2.The petitioner, M/s Prideco Commercial Projects Private Limited have approached this Tribunal under Section 9 of the Insolvency and Bankruptcy Code, 2016 (for brevity the Code). The prayer made by the petitioner is to trigger insolvency resolution process against the respondent claiming that the petitioner is an Operational Creditor within the meaning of Section 5(20) and the respondent owes operational debt to the petitioner within the meaning of Section 5(21) of the Code. It has also been claimed that the respondent is a defaulter in making the payment of operational debt and the claim is within the period of limitation.

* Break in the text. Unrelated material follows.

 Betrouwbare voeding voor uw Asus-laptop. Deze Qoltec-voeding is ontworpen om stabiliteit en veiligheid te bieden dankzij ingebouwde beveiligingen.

3.Brief facts necessary for disposal of the instant petition may first be noticed. The Corporate Debtor awarded a contract to the Operational Creditor-petitioner by placing seven work orders to it. The detail of the work orders is as follows:
1. EILE-EPC/2009-10/193, Dt. 17.03.2009 value Rs. 4,06,50,525/-
2. EILE-EPC/2009-10/215A, Dt. 01.04.2009 value Rs. 1,20,000/-
3. EILE-EPC/2009-10/232A, Dt. 20.04.2009 value Rs. 7,84,000/-
4. EILE-EPC/2009-10/304, Dt. 01.06.2009 value Rs. 3,66,240/-
5. EILE-EPC/2009-10/362, Dt. 03.06.2009 value Rs. 1,19,562/-
6. EILE-EPC/2009-10/436, Dt. 01.09.2009 value Rs. 1,45,750/-
7. EILE-EPC/2010-11, Dt. 26.10.2010 value Rs. 61,60,000/- for construction, transportation of WMM/GSB work from Km. 29+650 to Km. 93 +140 of NH-10 from Delhi-Haryana border to Rohtak Section. The total contract value was Rs. 4,83,47,077/- (Rupees Four Crore Eighty Three Lakhs Forty Seven Thousand Seventy Seven Only).

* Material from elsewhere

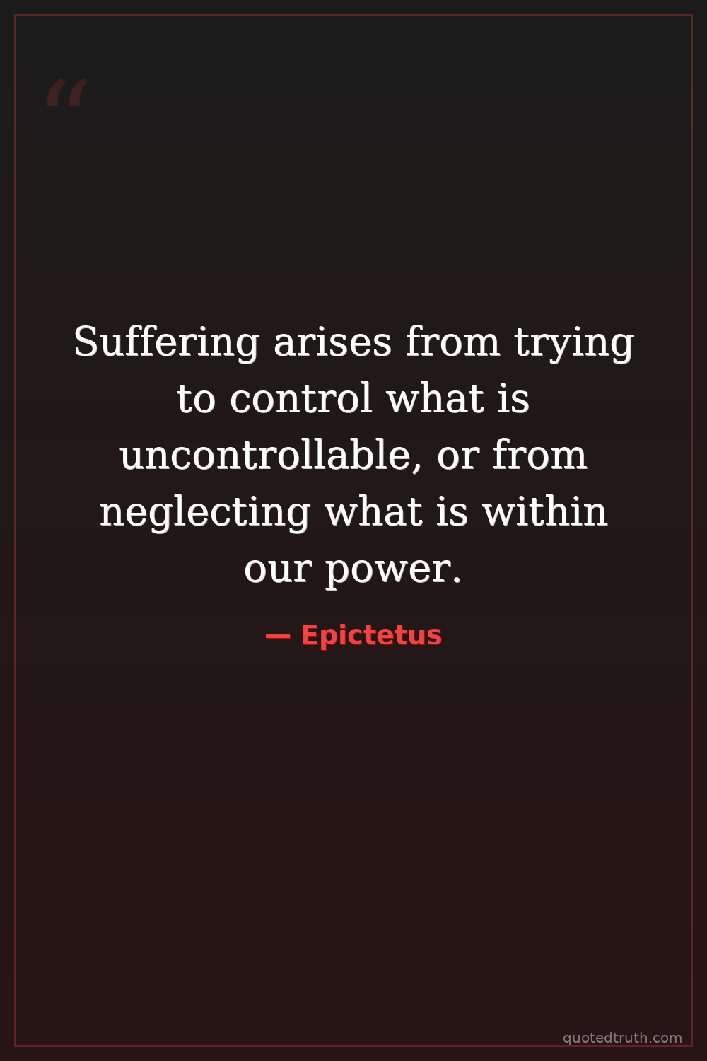 Suffering arises from trying to control what is uncontrollable, or from neglecting what is within our power.

4.It is the case of the Operational Creditor-petitioner that it has successfully completed the awarded project to the complete satisfaction of the Corporate Debtor. The Corporate Debtor in order to discharge its liability issued seven post-dated cheques for a sum of Rs. 5,23,016/- each as a full and final settlement. Except one all other cheques were dishonoured on presentation. The details of the same has been provided by the Operational Creditor which is explicit from the following table:
S. No.
Cheque No.
Drawn on
Cheque dt.
Amount
1.
5586
Union Bank of India, Greater Noida Branch
15.02.2014
5,23,016/-
2.
3866
-Do-
15.03.2014
5,23,016/-
3.
4080
-Do-
15.04.2014
5,23,016/-
4.
5344
-Do-
15.05.2014
5,23,016/-
5.
5453
-Do-
15.06.2014
5,23,016/-
6.
5502
-Do-
15.07.2014
5,23,016/-
7.
5524
-Do-
15.08.2014
5,23,016/-
5.The Operational Creditor-petitioner has claimed that it had sent several e-mails to the Corporate Debtor on 03.03.2015, 28.05.2015, 30.10.2015, 26.03.2016, 09.05.2016 & 03.06.2016. None of the e-mails could evoke any positive response towards the payment of the outstanding amount. It shows that the Corporate Debtor has committed default. Thereafter the Operational Creditor-petitioner served a legal notice on the Corporate Debtor on 10.01.2017 under Section 271 Companies Act, 2013 demanding a sum of Rs. 68,23,328/- (Rupees Sixty Eight Lakhs Twenty Three Thousand Three Hundred and Twenty Eight Only) along with interest thereon @ 24% per annum. The Corporate Debtor has maintained blissful silence by not responding to the legal notice. Therefore, it has been claimed that there is a default.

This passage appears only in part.